7. Социально замещающее исследование (socially vicarious exploration): обучение на основе наблюдений и подражание. Ценность глаза для выживания очевидно связана с экономией познания — с экономией, получаемой за счет исключения всех напрасных движений, которые потребовалось бы затратить в том случае, если бы глаза отсутствовали. Аналогичная экономия познания помогает объяснить большие преимущества в выживании, свойственные действительно социальным формам животной жизни, которые в эволюционном ряду, как правило, стоят не до. а после одиночных (solitary) форм. У животных такого вида исследования в режиме проб и ошибок, выполняемые одним из членов группы, замещают и делают ненужными исследования в режиме проб и ошибок для остальных членов группы. Использование метода проб и ошибок разведчиками у мигрирующих общественных насекомых и у человеческих групп (bands) может служить иллюстрацией этого общего процесса познания. На простейшем уровне у общественных животных находятся процедуры, при которых одно животное может применить себе на пользу наблюдение за последствиями действий другого животного, даже тогда или особенно тогда, когда эти действия оказываются фатальными для животного, послужившего образцом. Иллюстрацией такого процесса может служить отвращение, которое проявляют обезьяны по отношению к расчлененным обезьяньим трупам, и их стремление избегать такие места [61]. У муравьев и термитов движение по следам, проложенным фуражирами, пришедшими с полным грузом, служит иллюстрацией такого процесса познания в ситуации привлекательных объектов-целей. В число предположений, принятых в эволюционной эпистемологии, входит убеждение, что модель-заместитель исследует тот же самый мир, в котором живет и передвигается наблюдатель, а также предположение о существовании законов, управляющих этим миром, которое лежит в основе всякого обучения.
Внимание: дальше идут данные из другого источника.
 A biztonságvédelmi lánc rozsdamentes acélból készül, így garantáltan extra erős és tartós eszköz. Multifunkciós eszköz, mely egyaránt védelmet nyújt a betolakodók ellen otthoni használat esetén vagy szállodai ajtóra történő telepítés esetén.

Кроме того, у общественных животных и, может быть, особенно у их молодняка, отмечена тенденция подражать действиям модели даже в тех случаях, когда результат этих действий невозможно наблюдать. Это — процедура гораздо более предположительного характера, но все же «рациональная». Она включает предположения о том, что взятое в качестве модели животное способно обучаться и что оно живет в доступном для обучения мире. Если это так, то можно предположить, что модель, вероятно, отказалась от наказуемых реакций и усилила свою тенденцию к вознаграждаемым реакциям, в результате чего вознаграждаемые реакции стали доминировать (тем больше, чем длиннее период обучения и чем стабильнее окружающая среда) [62].
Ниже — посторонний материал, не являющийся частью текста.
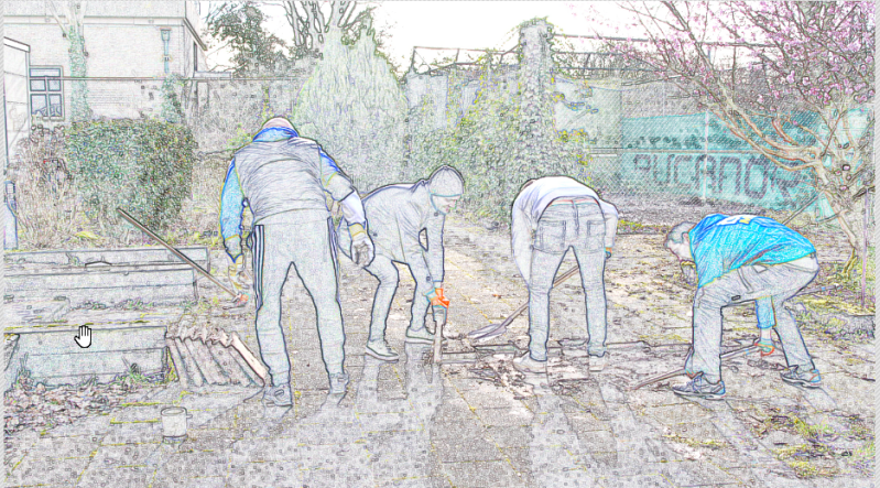 Photoscape X heeft een effect 'Kleurpotlood'. Éen van de mogelijkheden is hiermee een combinatie te maken met het origineel....

Однако даже в случае подражания нет «непосредственного» приобретения или переноса знаний или привычек, точно так же, как не существует «непосредственного» приобретения знаний путем наблюдений или индукции. Как пишет, анализируя этот процесс, Дж. Болдуин [63], ребенок при обучении приобретает образ-критерий, соответствовать которому он обучается методом пробных и ошибочных сопоставлений. Например, он слышит какую-то мелодию, а затем научается издавать такой же звук, производя пробные и ошибочные звуки, которые сравнивает с воспоминанием о звуковом образце. Недавние исследования по обучению птиц пению подтверждают и уточняют эту модель [64].
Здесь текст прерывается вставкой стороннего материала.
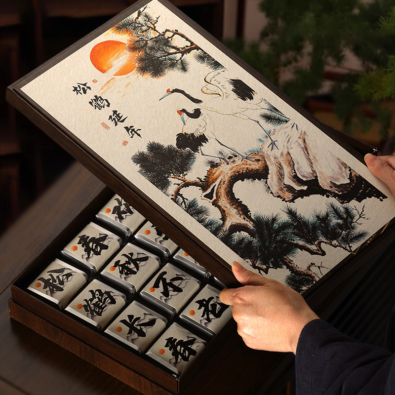 松鶴延年の創意は実木の赤い服のお茶の礼箱をまねて、目上の父と祖父の指導者の誕生日の贈り物を送ります。
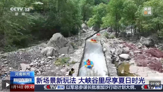 在河南林州太行大峽谷,旅游業(yè)態(tài)持續(xù)“上新”,這是升級后的峽谷漂流,沿途中增加了“水炮”“喊麥”等環(huán)節(jié),增強(qiáng)了游客的互動(dòng)感。

8. Язык. С охарактеризованными уровнями 6 и 7 пересекается уровень языка, на котором результат исследования может передаваться от разведчика к тому, кто следует за ним, без иллюстративного движения, без присутствия исследуемой среды и даже без ее визуально-замещенного присутствия. С социально-функциональной точки зрения вполне уместно говорить о «языке» пчел, хотя дергающийся танец, при помощи которого пчела-разведчик передает направление, удаленность и обильность своей находки, является врожденной реакцией, которая включается автоматически, без сознательного намерения передать сообщение. Этот пчелиный язык выполняет социальную функцию экономии познания, в некотором смысле совершенно аналогичную функции человеческого языка. Замещающая представимость географического направления (по отношению к Солнцу и плоскости поляризации солнечно го света), расстояния и обилия такими чертами танца, как направление на вертикальной стене, длина движений вперед-назад, быстрота движений и т.д., все это — изобретенные и случайные эквивалентности, ничем не обусловленные и несовершенные, но резко сокращающие дальность полета для наблюдающих или слушающих рабочих пчел [65]. Детали анализа всех этих явлений фон Фришем в настоящее время и подвергаются сомнению, и получают дальнейшее развитие. Возможно, язык танца передает сообщения не с такой точностью, как думал он. Возможно, тут задействованы также звуковые, сверхзвуковые и обонятельные средства. Однако кажется несомненным, что существует эффективное средство передать другим пчелам успешный результат исследования пчелы-разведчика так, чтобы значительно сократить отношение общего впустую потраченного (wasted) на исследования труда к затратам труда пчелы, действующей в одиночку.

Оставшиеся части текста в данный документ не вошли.